• Exercise: Your response should consist of the entire listing, transcribed exactly, with every image left out.

• Dataset excerpt:
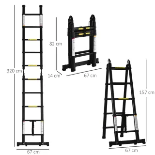 Escalera telescópica de aluminio, ligera y fácil de transportar. EN SU CAJA. - Longitud extendida: 3,2 metros. Recogida mide 80cm. Patas de goma antideslizantes. - Material: Aluminio. - Marca: Brstheco - Material: Aluminio. - Longitud extendida: 3.2 metros. - Diseño compacto y portátil.
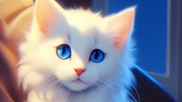 Белый пушистый котёнок с голубыми глазами сидит у меня на плече
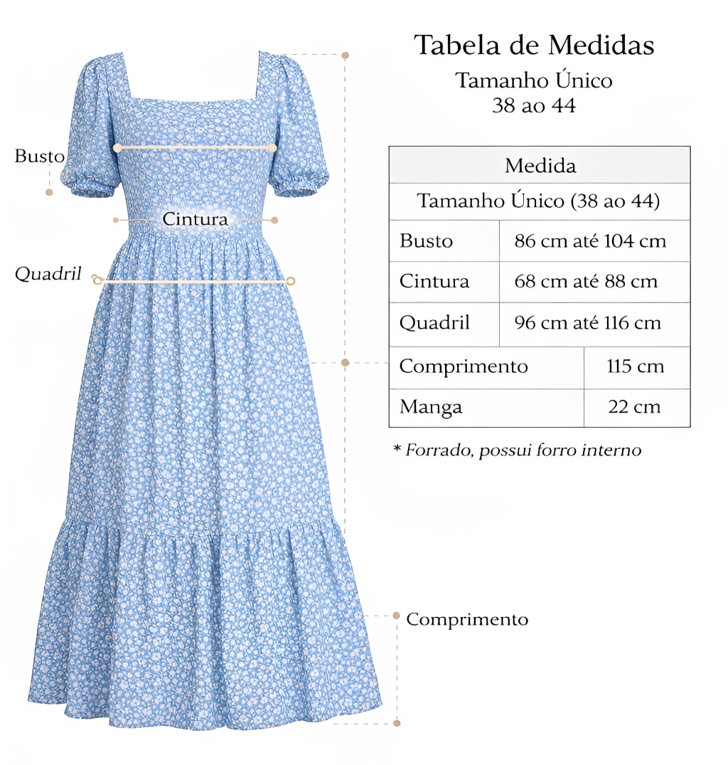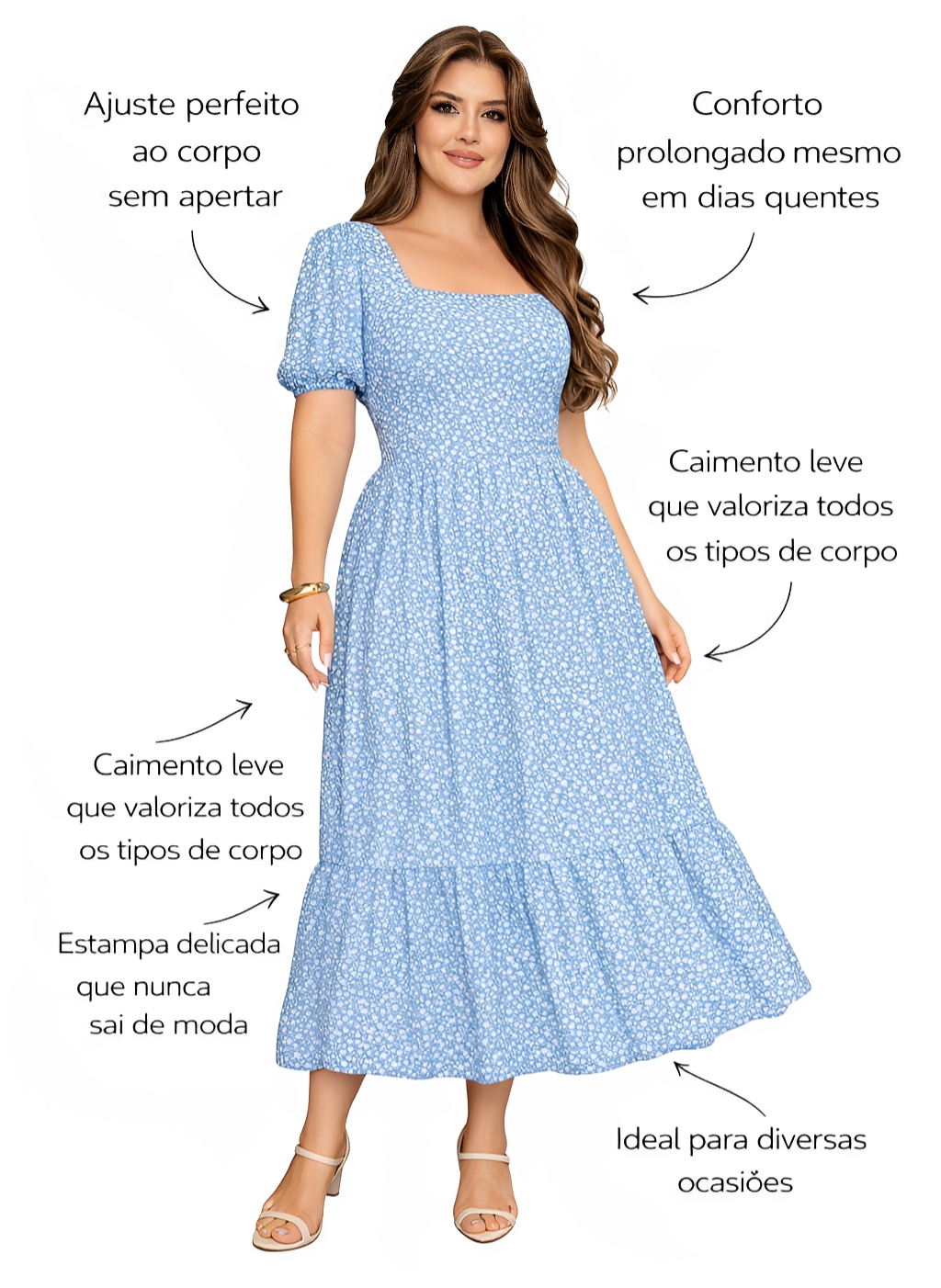 A estampa floral suave combinada ao comprimento midi cria um visual feminino, elegante e extremamente versátil — fácil de combinar com sandálias, salto ou até tênis para um look mais moderno.

• Answer to this exercise:
 Escalera telescópica de aluminio, ligera y fácil de transportar. EN SU CAJA. - Longitud extendida: 3,2 metros. Recogida mide 80cm. Patas de goma antideslizantes. - Material: Aluminio. - Marca: Brstheco - Material: Aluminio. - Longitud extendida: 3.2 metros. - Diseño compacto y portátil.
 Белый пушистый котёнок с голубыми глазами сидит у меня на плече
 A estampa floral suave combinada ao comprimento midi cria um visual feminino, elegante e extremamente versátil — fácil de combinar com sandálias, salto ou até tênis para um look mais moderno.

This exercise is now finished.